The hint was sufficient, and the armour-bearer raised his mighty bow, drew it to his shoulder—and caught Venus fairly in the stomach. With a yelp of disgust the stricken Cæsar scrambled to his feet and returned to his kennel. Anybody who wanted him to play Romans some more, could come and fetch him. His demoralisation spread, and Widdy followed him, pursued by a grey-goose shaft.

"I think the wily foe have had enough," said Boadicea, several of the skittles having fallen. The bronze Buddha, unperturbed, was captured and bound to the chariot-wheels of the conqueror—and that was that. . . .

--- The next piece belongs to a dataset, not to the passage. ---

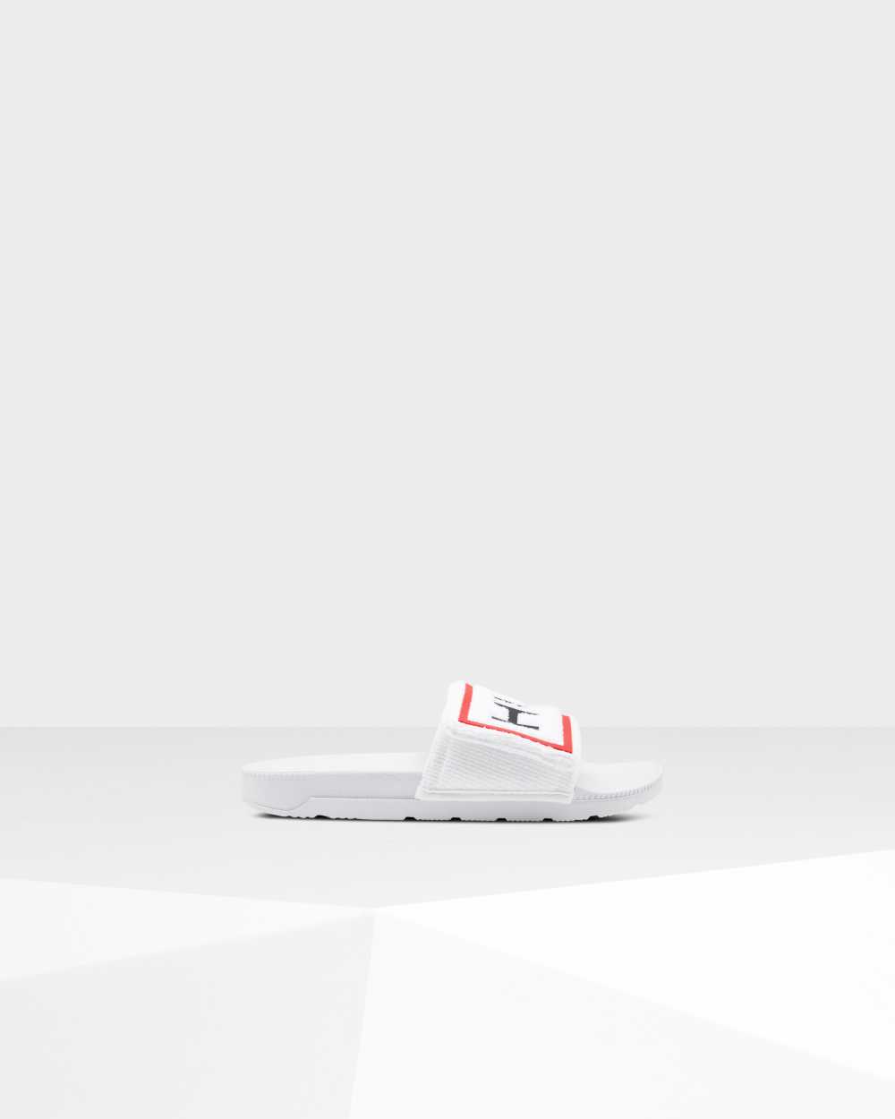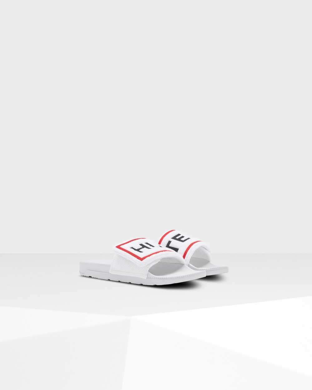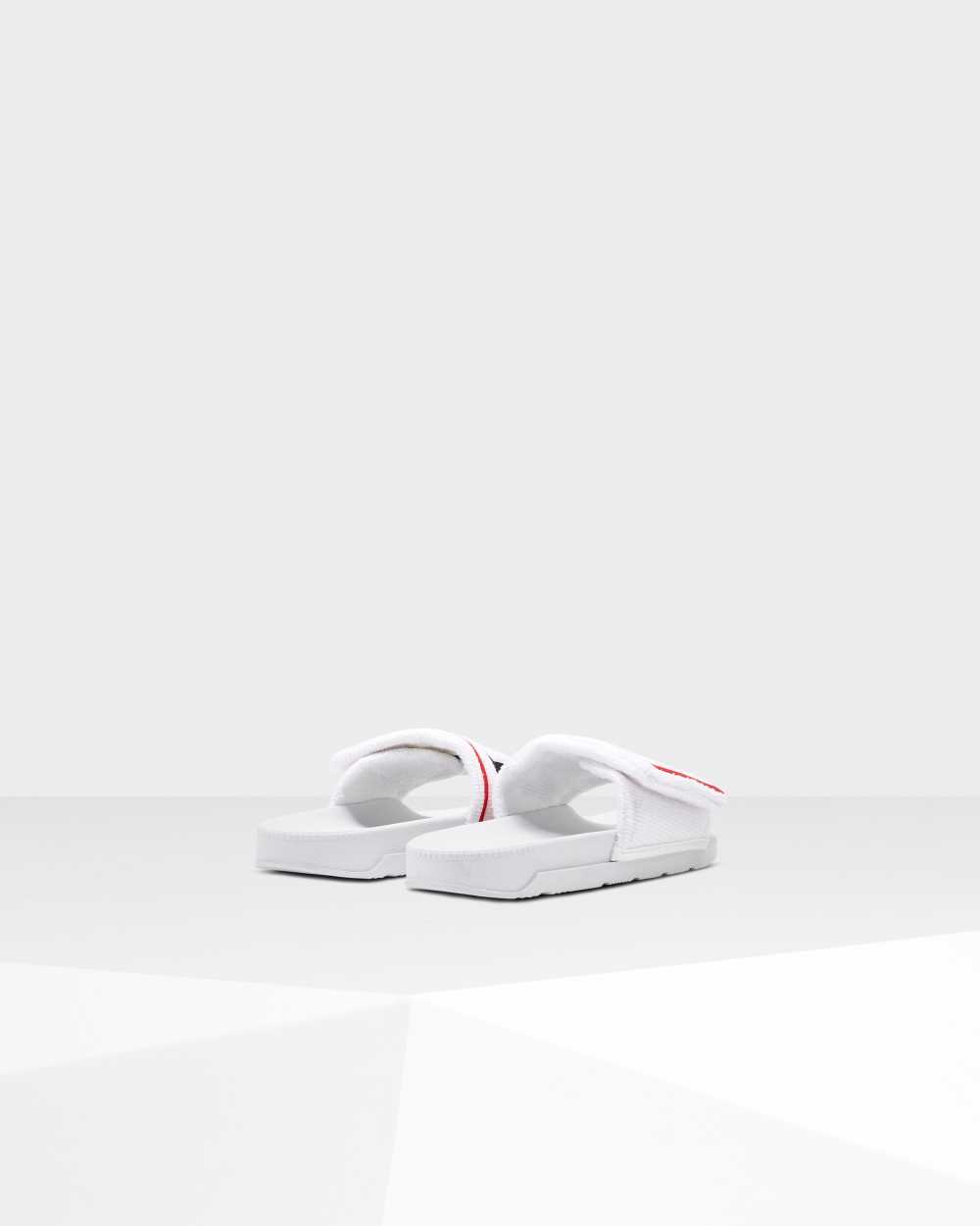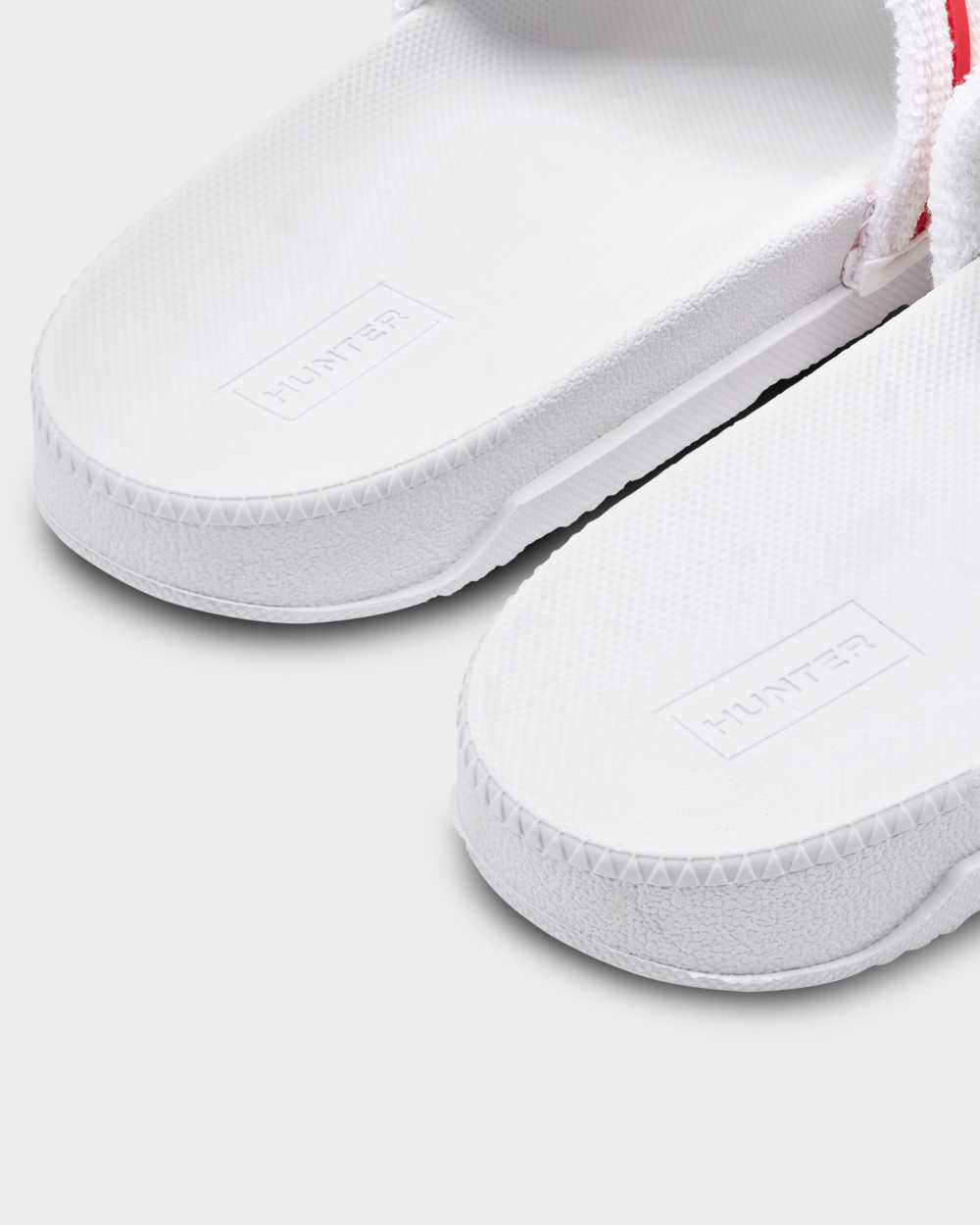 The lightweight, Original Adjustable slides combine the softness or a beach towel with the comfort of a moulded footbed. Crafted from moisture-absorbing terry towelling, which eliminates irritation with every step, these white womens slides are fastened with a velcro strap stamped with the Hunter box logo for a customisable fit. Easy to clean and quick to dry, they are breathable, flexible and designed for long hot days by the pool.

"Now I'm going to be the Standard-bearer of the Tenth Legion," stated the President, "also the Censurian. And the battle may end differently this time. Go and get that brown iron paper-knife from the drawing-room because its copper, and this is the Bronze Age."

The Vice obeyed.

"Make a jolly good Roman short sword," observed the President, examining it in this new light. "You'll have to be nippy with your shield, though—it's got rather an edge."

"I'll watch it," replied the Vice—using another of the unfortunate expressions learnt from Buster and his undesirable subaltern friends.

"What is your name?" he inquired. "I can't call you 'Thtandard-blarer of the Tenth Legium' the whole time, nor yet 'Cen-chew-rium'."

"Call me Reginald or Reggie, then," permitted the Vice. "No—Samuel would be nicer, I think, 'Samuel the Standard-bearer' or 'Samuel the Censurian' sounds all-right."

"Right O, Thammy," acquiesced the Vice, and prepared to do battle.

"No—you get in the chariot," directed the President, "and I come ashore in a boat. Then I hop out and make a speech to my soldiers who hang back a bit. They're not for it, at first, you know, and . . ."

"Can I take a pot at you while you speech?" interrupted the Vice.

The President considered this.

"It is battle, you know," urged the Vice, "and I didn't ask you to come invading on my sands when I might want to be fishing or paddling or playing with my children or anything."

"Yes—but I've got to win, you know. It is History, and we can't alter that. . . . Tell you what—you can hit me in the shield while I am making the speech—or knock my helmet off. Yes—make it all the more real. . . ."

An empty drawer provided the Roman galley, and in the prow thereof proudly stood Samuel the Standard-bearer. In his hand he bore the S.P.Q. R. standard of the Tenth. It looked like a curtain-pole and a pinafore—but no matter. Nor matter that his helmet was frankly the paraffin-oil funnel with an ostrich feather stuck down its up-turned nozzle, his shield of card-board, his sword a paper-knife, his cuirass a tea-tray, and his greaves a pair of Daddy's leggings. The play is the thing—and Imagination is life and salvation.

Bravely he leapt into the waves, and turned to his daunted followers as an arrow smote his shield.

"Buck up, you fellows," quoth he, "a little wetting won't hurt you—nor spoil your bronze clothes. Come on, you're not salt nor yet sugar. A bath will do some of you good. . . ."

Still they hung back.

"Behold!" he continued, "I take the Standard of the Tenth Legion among the enemy!"

He did, and another arrow took him well in the centre of the cuirass ere the enemy, leaping from the chariot, rushed upon him with spear and axe. Dropping the axe, the enemy seized the standard with a cry of—

"Leggo, Thamuel!—or die!"

Samuel did neither. He rapped the knuckles of the presumptuous hand sharply, and the enemy drew back with a yelp of anguish.

"Hop it!" cried the Centurion, pressing his advantage and prodding the retreating foe with the butt-end of the standard. "Bung off! Barbarium," and the barbarian fled.

Leaping into the deserted chariot the Centurion said "Home" to a supposititious driver and poked out his tongue at the defeated enemy—and that was that.